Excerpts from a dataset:
————

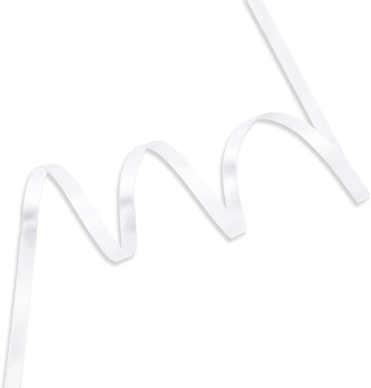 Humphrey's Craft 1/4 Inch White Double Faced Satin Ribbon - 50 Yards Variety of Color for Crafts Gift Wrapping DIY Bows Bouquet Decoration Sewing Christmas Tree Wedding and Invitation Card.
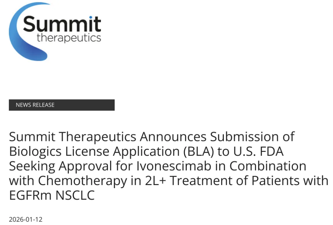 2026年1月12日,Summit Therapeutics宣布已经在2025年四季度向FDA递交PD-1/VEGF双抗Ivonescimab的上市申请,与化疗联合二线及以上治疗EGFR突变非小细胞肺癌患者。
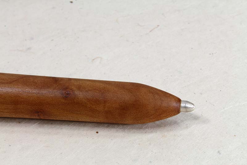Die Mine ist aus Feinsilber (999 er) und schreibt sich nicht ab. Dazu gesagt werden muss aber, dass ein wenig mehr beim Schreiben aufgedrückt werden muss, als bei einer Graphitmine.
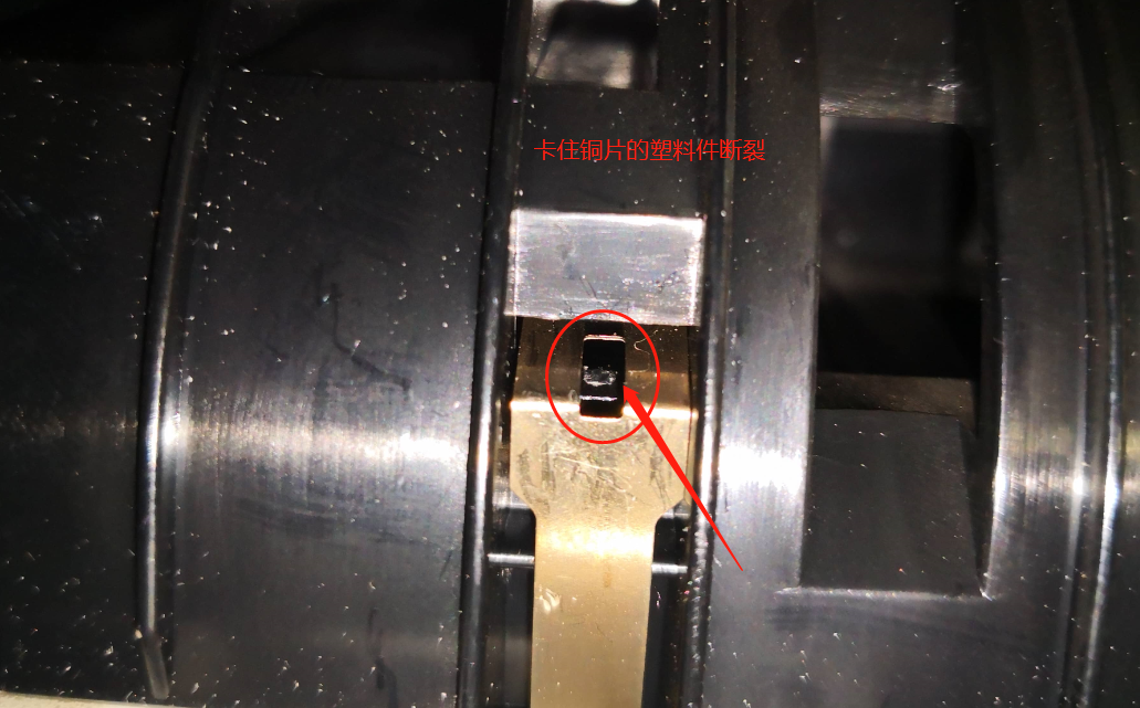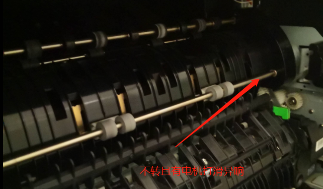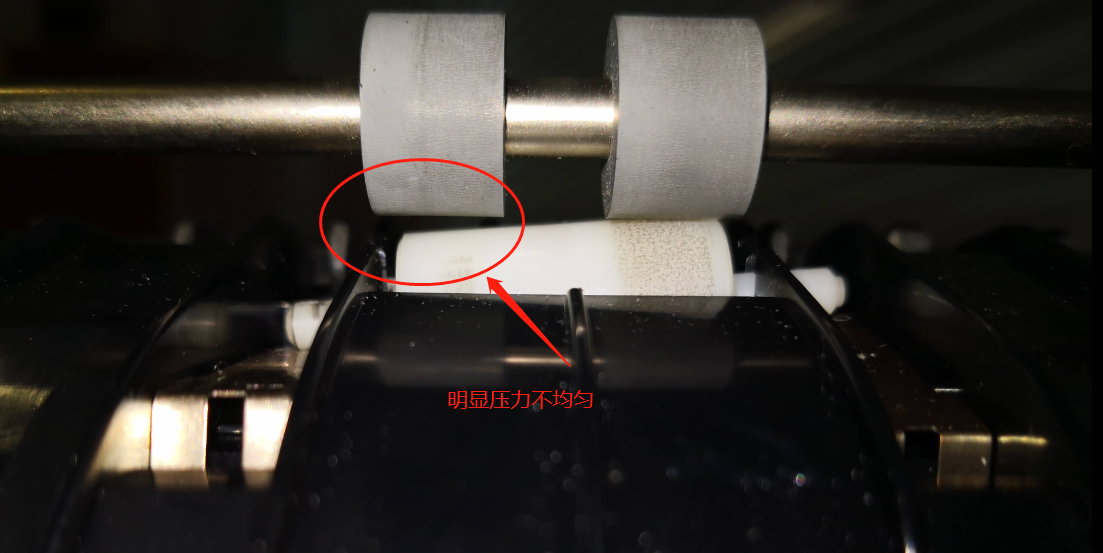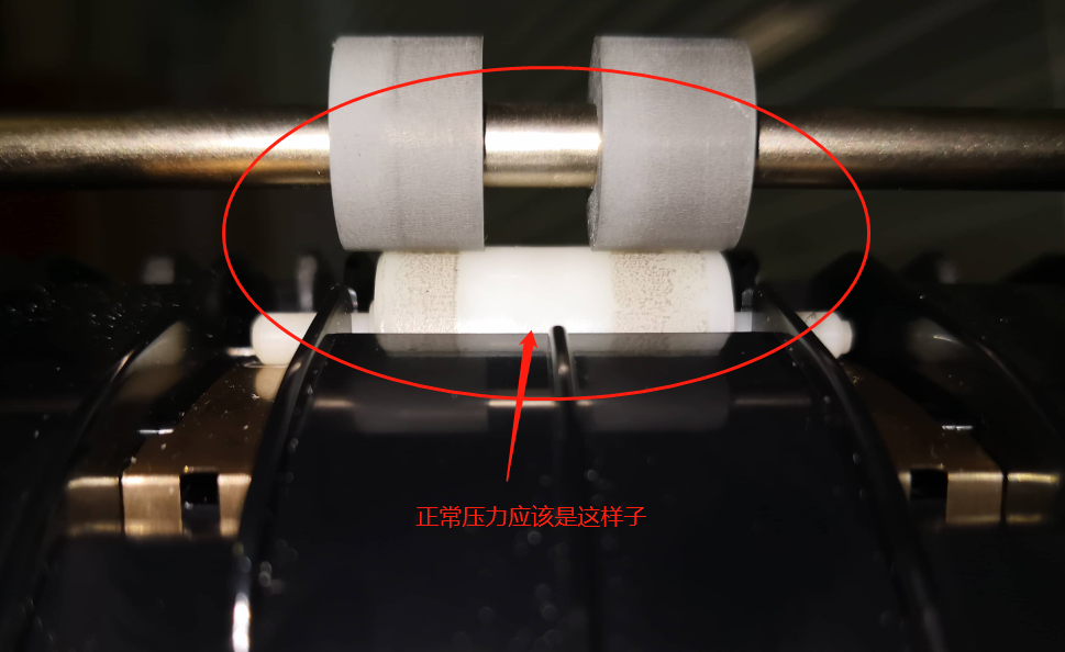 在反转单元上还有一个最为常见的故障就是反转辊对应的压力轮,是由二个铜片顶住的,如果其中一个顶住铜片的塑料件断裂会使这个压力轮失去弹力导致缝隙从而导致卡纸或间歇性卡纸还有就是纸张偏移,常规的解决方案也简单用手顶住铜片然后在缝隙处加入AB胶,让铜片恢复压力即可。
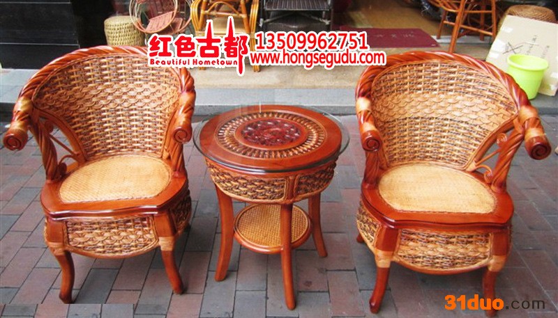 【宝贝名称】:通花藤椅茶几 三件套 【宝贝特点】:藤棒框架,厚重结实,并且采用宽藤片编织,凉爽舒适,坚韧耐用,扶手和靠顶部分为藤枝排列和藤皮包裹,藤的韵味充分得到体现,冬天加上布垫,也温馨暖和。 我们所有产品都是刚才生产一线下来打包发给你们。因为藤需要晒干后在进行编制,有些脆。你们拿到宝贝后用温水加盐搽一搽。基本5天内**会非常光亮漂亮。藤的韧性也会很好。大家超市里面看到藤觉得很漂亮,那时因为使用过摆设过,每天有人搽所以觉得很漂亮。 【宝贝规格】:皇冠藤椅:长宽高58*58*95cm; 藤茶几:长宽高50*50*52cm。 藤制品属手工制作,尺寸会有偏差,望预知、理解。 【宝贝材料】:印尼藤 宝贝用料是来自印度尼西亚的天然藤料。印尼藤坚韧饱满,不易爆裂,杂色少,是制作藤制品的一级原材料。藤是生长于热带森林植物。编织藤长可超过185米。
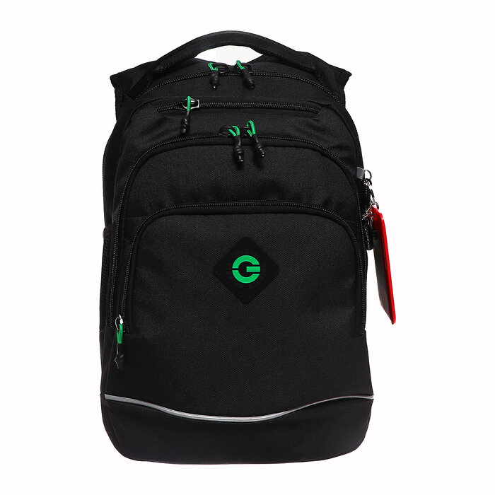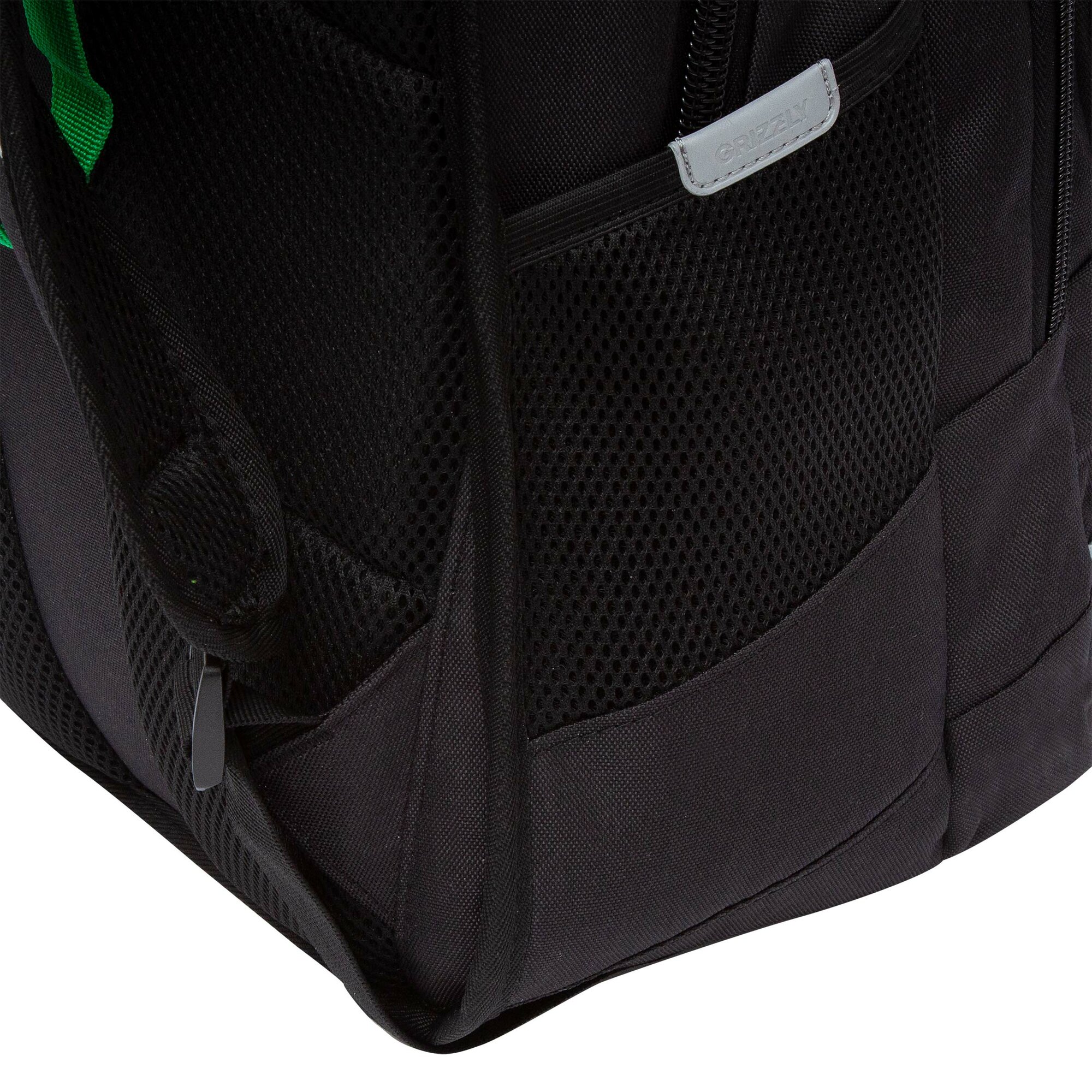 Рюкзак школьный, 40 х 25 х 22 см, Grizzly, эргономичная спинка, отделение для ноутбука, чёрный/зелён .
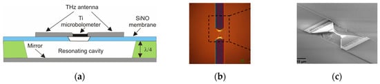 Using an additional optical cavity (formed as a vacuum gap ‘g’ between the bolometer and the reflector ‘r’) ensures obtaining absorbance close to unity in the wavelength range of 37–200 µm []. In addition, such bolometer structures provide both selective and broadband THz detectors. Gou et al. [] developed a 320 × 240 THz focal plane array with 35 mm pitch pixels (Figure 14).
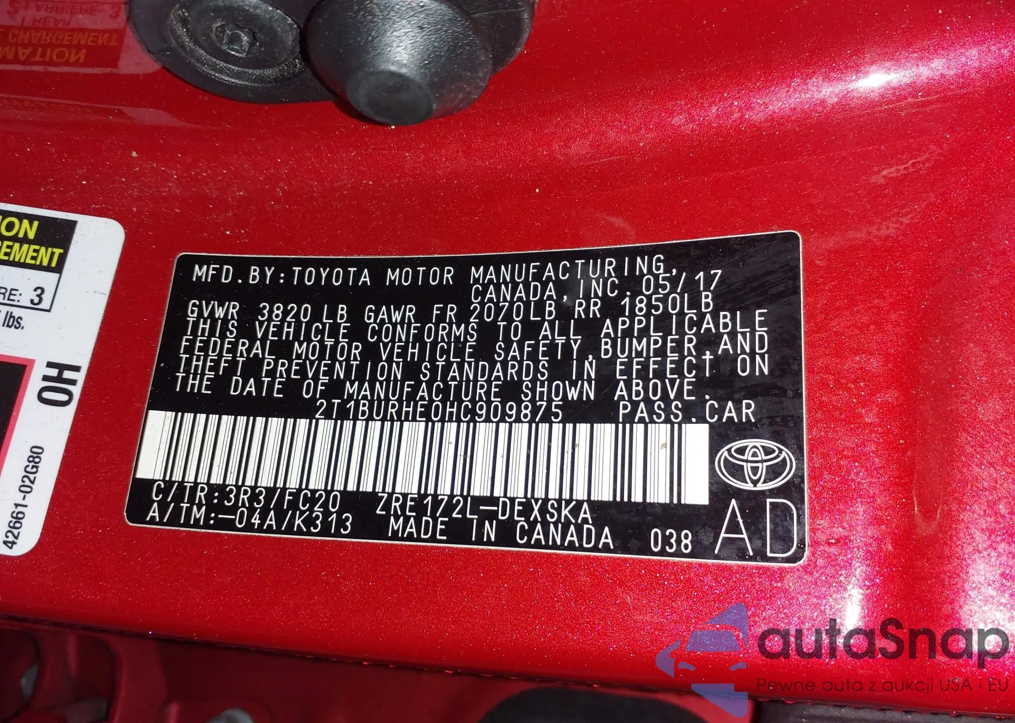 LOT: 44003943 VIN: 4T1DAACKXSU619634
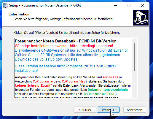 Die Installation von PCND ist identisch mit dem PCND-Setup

————

**WHAT NEEDS TO BE DONE**
No pictures belong in the copy; output every record exactly.

**TASK RESPONSE**
 Humphrey's Craft 1/4 Inch White Double Faced Satin Ribbon - 50 Yards Variety of Color for Crafts Gift Wrapping DIY Bows Bouquet Decoration Sewing Christmas Tree Wedding and Invitation Card.
 2026年1月12日,Summit Therapeutics宣布已经在2025年四季度向FDA递交PD-1/VEGF双抗Ivonescimab的上市申请,与化疗联合二线及以上治疗EGFR突变非小细胞肺癌患者。
Die Mine ist aus Feinsilber (999 er) und schreibt sich nicht ab. Dazu gesagt werden muss aber, dass ein wenig mehr beim Schreiben aufgedrückt werden muss, als bei einer Graphitmine.
 在反转单元上还有一个最为常见的故障就是反转辊对应的压力轮,是由二个铜片顶住的,如果其中一个顶住铜片的塑料件断裂会使这个压力轮失去弹力导致缝隙从而导致卡纸或间歇性卡纸还有就是纸张偏移,常规的解决方案也简单用手顶住铜片然后在缝隙处加入AB胶,让铜片恢复压力即可。
 【宝贝名称】:通花藤椅茶几 三件套 【宝贝特点】:藤棒框架,厚重结实,并且采用宽藤片编织,凉爽舒适,坚韧耐用,扶手和靠顶部分为藤枝排列和藤皮包裹,藤的韵味充分得到体现,冬天加上布垫,也温馨暖和。 我们所有产品都是刚才生产一线下来打包发给你们。因为藤需要晒干后在进行编制,有些脆。你们拿到宝贝后用温水加盐搽一搽。基本5天内**会非常光亮漂亮。藤的韧性也会很好。大家超市里面看到藤觉得很漂亮,那时因为使用过摆设过,每天有人搽所以觉得很漂亮。 【宝贝规格】:皇冠藤椅:长宽高58*58*95cm; 藤茶几:长宽高50*50*52cm。 藤制品属手工制作,尺寸会有偏差,望预知、理解。 【宝贝材料】:印尼藤 宝贝用料是来自印度尼西亚的天然藤料。印尼藤坚韧饱满,不易爆裂,杂色少,是制作藤制品的一级原材料。藤是生长于热带森林植物。编织藤长可超过185米。
 Рюкзак школьный, 40 х 25 х 22 см, Grizzly, эргономичная спинка, отделение для ноутбука, чёрный/зелён .
 Using an additional optical cavity (formed as a vacuum gap ‘g’ between the bolometer and the reflector ‘r’) ensures obtaining absorbance close to unity in the wavelength range of 37–200 µm []. In addition, such bolometer structures provide both selective and broadband THz detectors. Gou et al. [] developed a 320 × 240 THz focal plane array with 35 mm pitch pixels (Figure 14).
 LOT: 44003943 VIN: 4T1DAACKXSU619634
 Die Installation von PCND ist identisch mit dem PCND-Setup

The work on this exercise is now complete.